Plum Insurance Rolls Out ₹15 Cr ESOP Buyback for Current and Former Employees
The Bengaluru‑based insurtech startup announced a ₹15 crore employee stock‑ownership‑plan buyback covering 199 staff members.

Plum Insurance, the employee‑health benefits platform headquartered in Bengaluru, launched its maiden ESOP buyback programme on Thursday, offering liquidity worth ₹15 crore to both current and former staff. The move targets 199 eligible participants – 73 who are still on the payroll and 126 who have moved on – and allows them to sell up to a quarter of the shares that vested as of March 31, 2026. The buyback is the first of its kind for the startup and signals a growing focus on rewarding talent that helped build the company.
What happened
Plum disclosed that the ₹15 crore buyback will be executed through a structured tender process. All 199 employees who held vested options as of the March 31, 2026 cut‑off date are eligible to submit sell orders for up to 25 % of their holdings. The company said 17 of those participants are expected to receive payouts that exceed the standard 25 % limit, though the exact amounts were not disclosed. By capping the sell‑off at a quarter of each employee’s stake, Plum aims to preserve shareholder balance while still delivering meaningful cash to its workforce. The announcement was made via a press release and posted on the firm’s corporate blog, where the leadership highlighted the buyback as a “liquidity event for our people who have contributed to Plum’s growth.”
Why it matters
The buyback provides immediate financial relief to employees who joined Plum during its early, high‑growth phase when equity compensation was a key attractor. For current staff, the ability to cash out a portion of their vested options reduces the risk associated with a still‑emerging market. Former employees, many of whom left for senior roles at other firms, gain a concrete return on the equity they earned while at Plum. The programme also demonstrates the startup’s confidence in its balance sheet; allocating ₹15 crore signals that the firm has sufficient cash flow to meet employee expectations without jeopardising operational spending. In a sector where talent retention often hinges on long‑term equity incentives, the buyback could set a precedent for other insurtech ventures seeking to balance growth capital with employee wealth creation.
The bigger picture
India’s insurtech landscape has seen a surge of venture funding over the past five years, with companies like Acko, Digit and PolicyBazaar expanding rapidly. As these firms mature, the question of how to manage employee equity becomes more pressing. Traditionally, startups rely on IPOs or secondary sales to provide liquidity, but many Indian firms are still years away from a public listing. Plum’s buyback aligns with a broader trend where private‑stage companies are using structured ESOP repurchases to satisfy employee cash‑out requests while keeping control within the founding team. Comparable moves have been observed at fintechs such as Razorpay and payment gateway provider PayU, which have launched limited‑scope buybacks to address similar pressures. The move also reflects a shift in investor expectations: backers increasingly favor startups that demonstrate responsible capital allocation, including mechanisms that reward the workforce without diluting existing shareholders.
What’s next
Analysts will watch how quickly the 199 participants submit their sell orders and whether the demand exceeds the 25 % cap. If a significant number of employees opt to liquidate the maximum allowed, Plum may need to consider a second tranche of buyback funding or explore alternative liquidity solutions, such as a secondary market platform. The company has not announced any immediate plans to expand the programme, but the leadership hinted at “regular reviews of our ESOP policies” in the coming quarters. Stakeholders will also be interested in how the buyback impacts future fundraising rounds; a clean‑up of the cap table could make Plum more attractive to new investors seeking a clear equity structure. Finally, the broader market will gauge whether other Indian insurtechs adopt similar buyback models, potentially reshaping employee‑ownership norms across the sector.
Key takeaways
- Plum Insurance announced a ₹15 crore ESOP buyback covering 199 current and former employees.
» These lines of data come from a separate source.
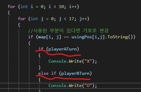 for문을 돌다가 usingPos 좌표안에 들어있는 플레이어의 입력값(1~9)을 만나 O,X로 그리게 구현하였습니다.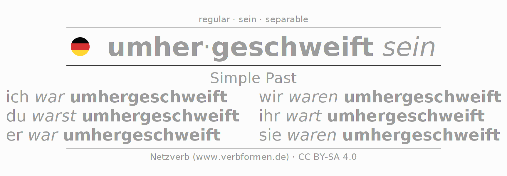 The conjugation of umherschweifen in Imperfect Indicative Past Statal Passive is ich war umhergeschweift, du warst umhergeschweift, er war umhergeschweift, wir waren umhergeschweift, ihr wart umhergeschweift, sie waren umhergeschweift.The conjugation corresponds to certain grammatical rules. Likewise the requirements for the conjugation of the simple verb forms of umherschweifen in Imperfect. Comments ☆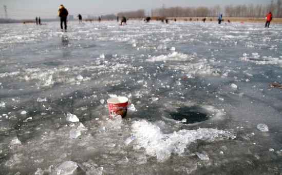 北京千人凿冰钓鱼 大量垃圾冻在河面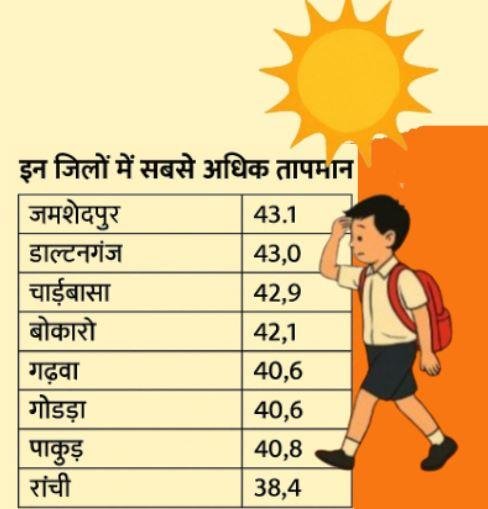 गुरुवार को जमशेदपुर प्रदेश का सबसे गर्म शहर रहा, जहां तापमान 43.1 डिग्री रिकॉर्ड किया गया। अन्य जिलों में भी हालात कम विकराल नहीं हैं: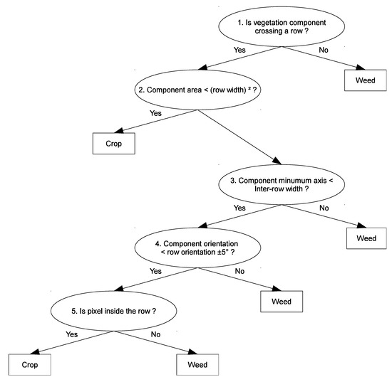 Decision tree applied on each connected component to discriminate crop from weeds using detected rows and shape analysis.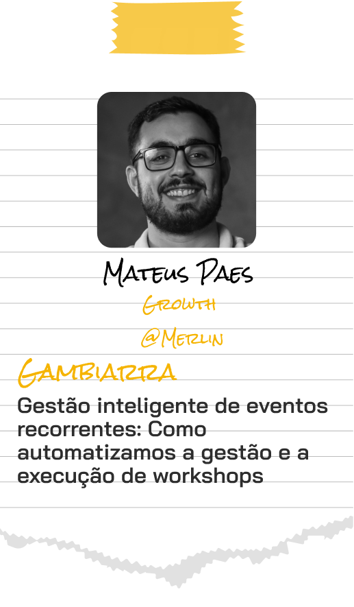 | 14:00 | Gambiarra | Mateus Paes | Gestão inteligente de eventos recorrentes: Como automatizamos a gestão e a execução de workshops |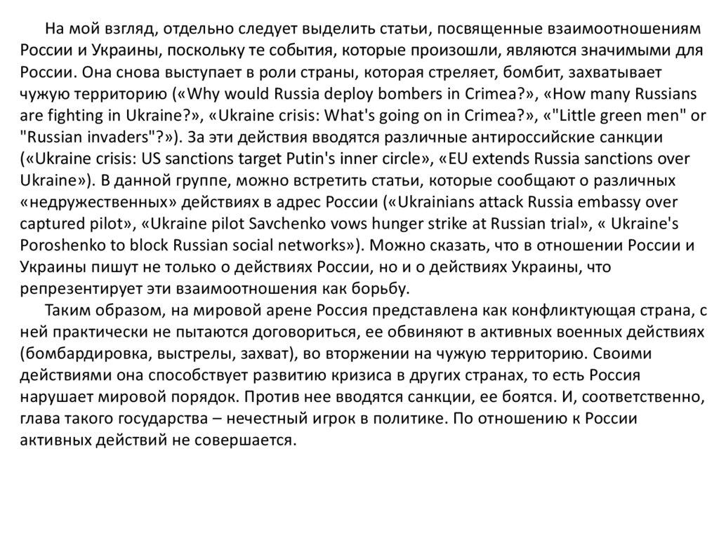 На мой взгляд, отдельно следует выделить статьи, посвященные взаимоотношениямРоссии и Украины, поскольку те события, которые произошли, являются значимыми для
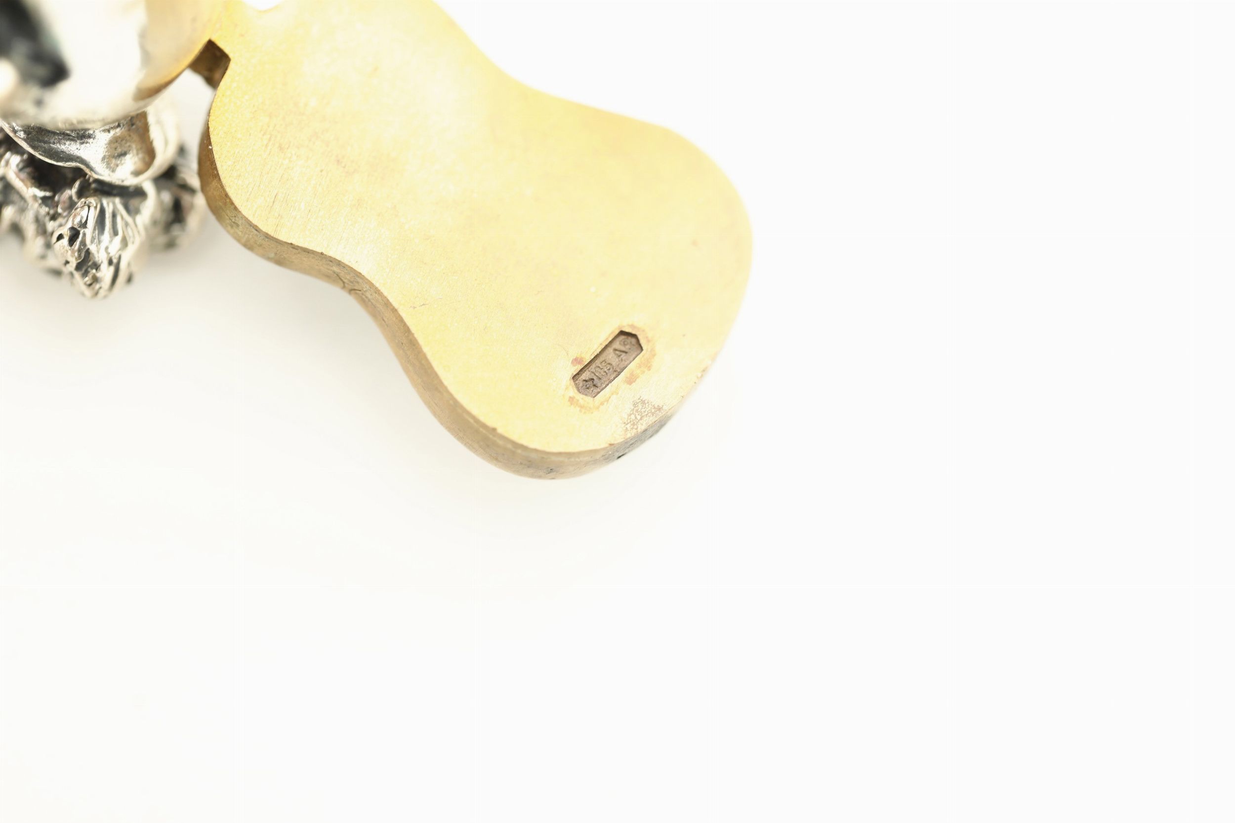 Sei sculturine di musici in argento, vermeille e bronzo. Firmati Angini. Punzone [..]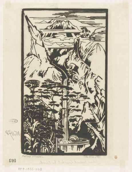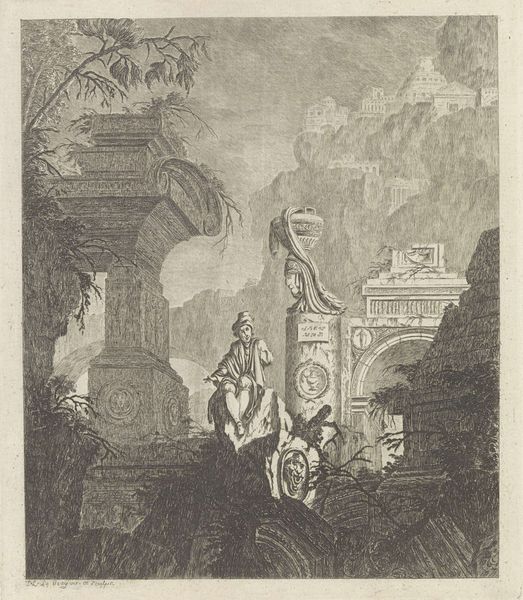 Curator: At first glance, the intricate details give me a sense of grandeur and melancholy. What do you make of it? Editor: This is “Landschap met ruïnes en groteske vaas,” or “Landscape with Ruins and Grotesque Vase,” a print made by Jean Laurent Legeay sometime between 1767 and 1770. Legeay was a significant figure in the late Rococo and early Neoclassical movements, heavily influencing French architecture and design. Curator: Ruinscapes like this often invoke complex narratives. The vase, an object of immense cultural value, stands among remnants of past glory, and seems to dominate the natural world, as if claiming dominance. Editor: Absolutely. The vase itself acts as a potent symbol of history and enduring power, even amidst decay. Its presence invites reflections on how civilizations rise and fall. What stories and values have been lost? Who benefits from this revision of historical memory? The positioning also hints at an inherent imbalance in whose culture remains and whose fades from prominence. Curator: And note the people in the lower left! They look so small in comparison to the vast structures and the vase itself, seemingly dwarfed not just by their surroundings but also by time. Perhaps the print implies their powerlessness within a much grander sweep of historical events? Editor: Precisely. The juxtaposition invites questions about human agency within monumental shifts and historical power dynamics. The choice to render it in print, readily reproducible and accessible, implicates how meaning can proliferate with cultural significance. It highlights accessibility to broader society while solidifying Legeay's impact. Curator: Considering its themes, it's tempting to interpret it as a reflection on 18th-century French society. With its deep contrasts, it suggests to me that Legeay wanted us to examine power and permanence and, perhaps more crucially, how they are always negotiated in any social environment. Editor: I agree. The enduring power of symbolism certainly ensures that art keeps pressing and prodding across historical changes. Curator: It all seems quite relevant, considering contemporary struggles. Editor: Indeed, its beauty remains profoundly unsettling, prompting ongoing re-evaluation.
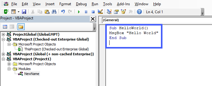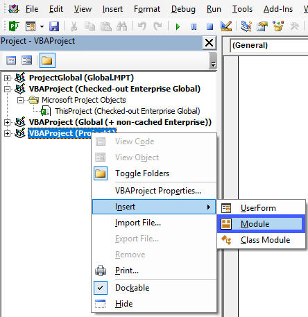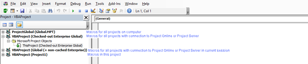 VBAProject (Checked-out Enterprise Global): This project only appears if Project has been started with a connection to Project Online or Project Server and the Enterprise Global has been opened. Insert macros here if they are to be available to all users when connected to Project Server or Project Online on all machines.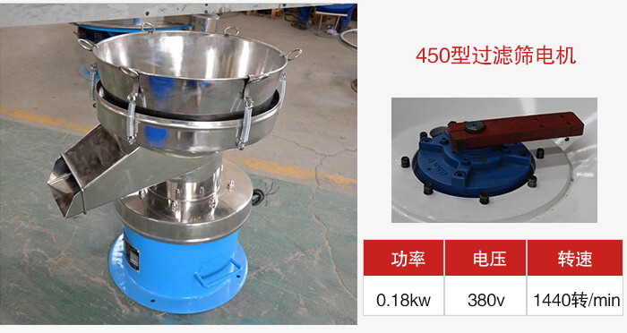 1、450液體過濾篩:電機功率0.18kw,電壓380v,轉(zhuǎn)速1440轉(zhuǎn)每分鐘。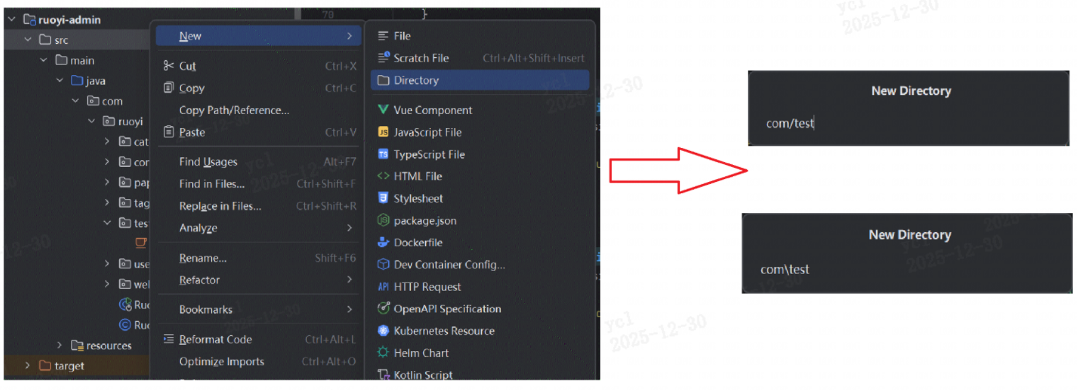 在 src/main/java 目录下创建包直接用 com.test 即可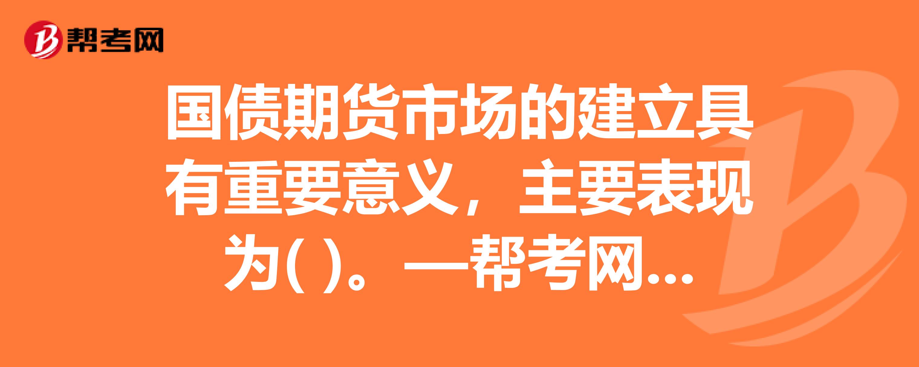 国债期货给投资者提供了规避利率风险的有效工具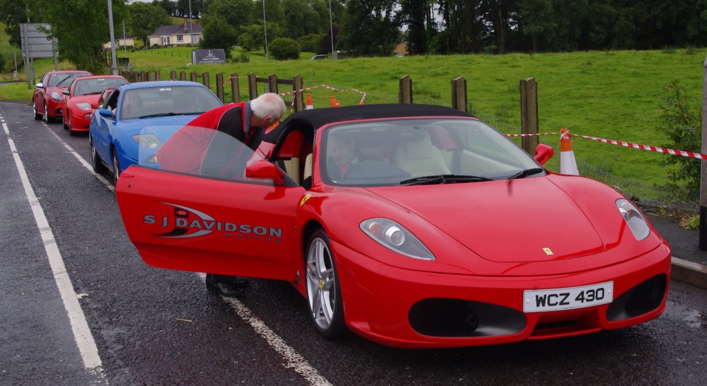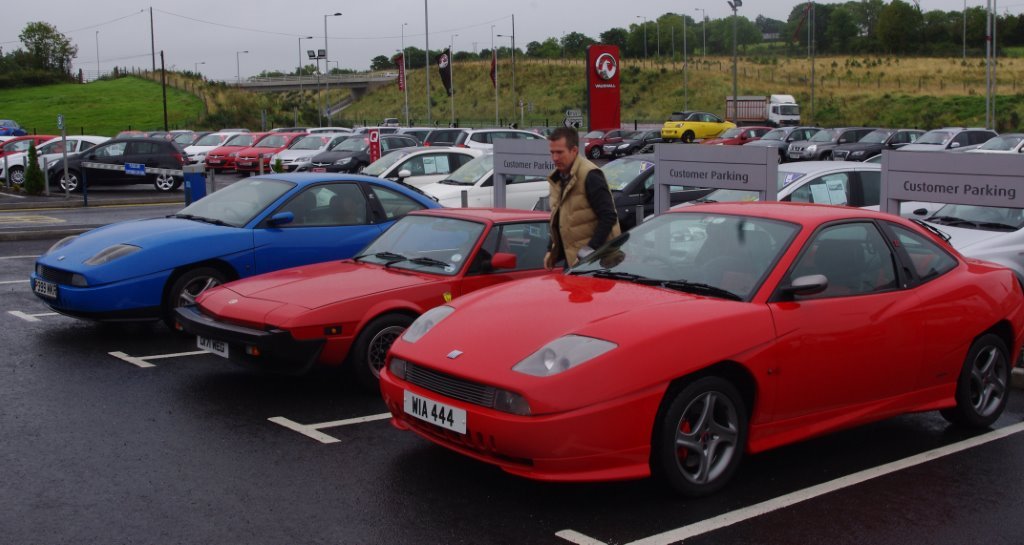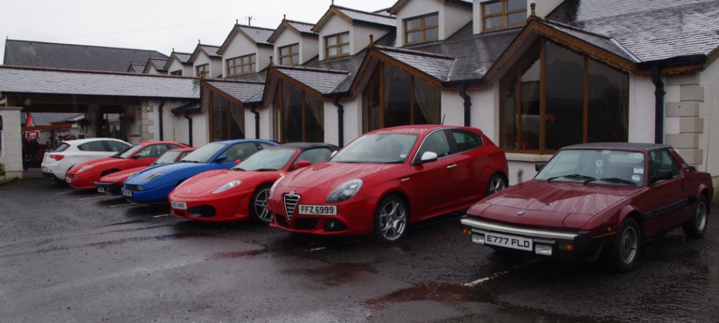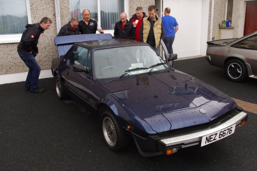 On arrival at Donnelly’s we were welcomed by the staff who showed great interest in our selection of Italian metal and also treated us to tea/coffee and sandwiches – delicious and much appreciated. Terence Donnelly talked to members and we were delighted when he advised that he was keen to strengthen Donnelly Group’s link with our club. Pouring rain did not deter us as we set off to Omagh, picking up a Ferrari at Ballygawley. Before too long we arrived at the home of Philip Faithfull, owner of the Abingdon Collection. There was ample parking for our cars and Philip then ushered us inside where our tour of his impressive mix of memorabilia would begin. Philip was the perfect host, telling a range of fascinating stories about how he had acquired certain items. The variety of items on display was truly amazing. As a group of car enthusiasts we were particularly interested in his collection of vehicles, from a selection of MG’s – a concours condition 1953 MGTD and 1968 MGC as well as a 1957 MGA Fixed head coupe and a 1980 MGB. In addition to this Philip also had a variety of other cars on display including a 1978 Porsche 911SC, a 1986 Opel Manta GTE and a 2010 Mazda MX5 20th Anniversary. A totally original 1983 Ford Capri 280i in black drew many admiring glances and the collection would not have been complete without an Italian model a 1989 Fiat X1/9 Gran Finale.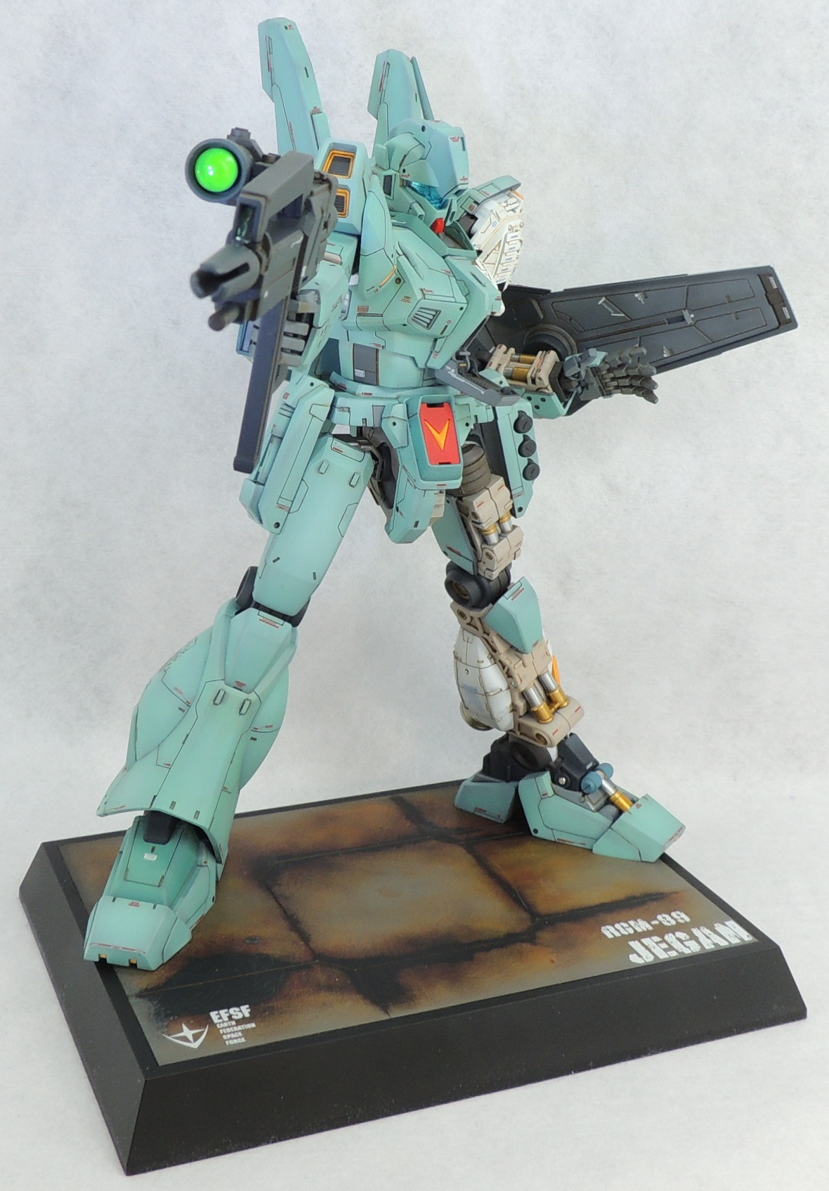 キットには台座が付属していないため、サイズ的に丁度良いタミヤのディスプレイベース・スモール(148mm×108mm)を使用しました。格納庫の一部に見立ててパネルラインのスジ彫りを入れ、下地をブラックサフで塗装した後、油彩によるドッティングにより複雑で奥深い色味を出しています。雰囲気としては、ラーカイラムの格納庫をイメージしています。使用したデカールは、地球連邦軍のエンブレムと”EFSF”は「ガンダムデカールDX」から流用し、文字はスジボリ堂のチッピングデカールを使用しました。

- Eligible participants can sell up to 25 % of vested options that matured by March 31, 2026.
- The programme aims to provide liquidity while preserving the company’s capital for growth.
- Similar buyback trends are emerging across Indian fintech and insurtech firms.
- Future steps may include additional buyback rounds or alternative liquidity mechanisms.
Frequently asked questions
Who is eligible for Plum Insurance's ESOP buyback?
The buyback is open to 199 employees – 73 current staff members and 126 former employees – who held vested stock options as of March 31, 2026.
How much of their vested ESOPs can participants sell?
Eligible participants may liquidate up to 25 % of their vested options, with 17 employees expected to receive payouts exceeding that limit.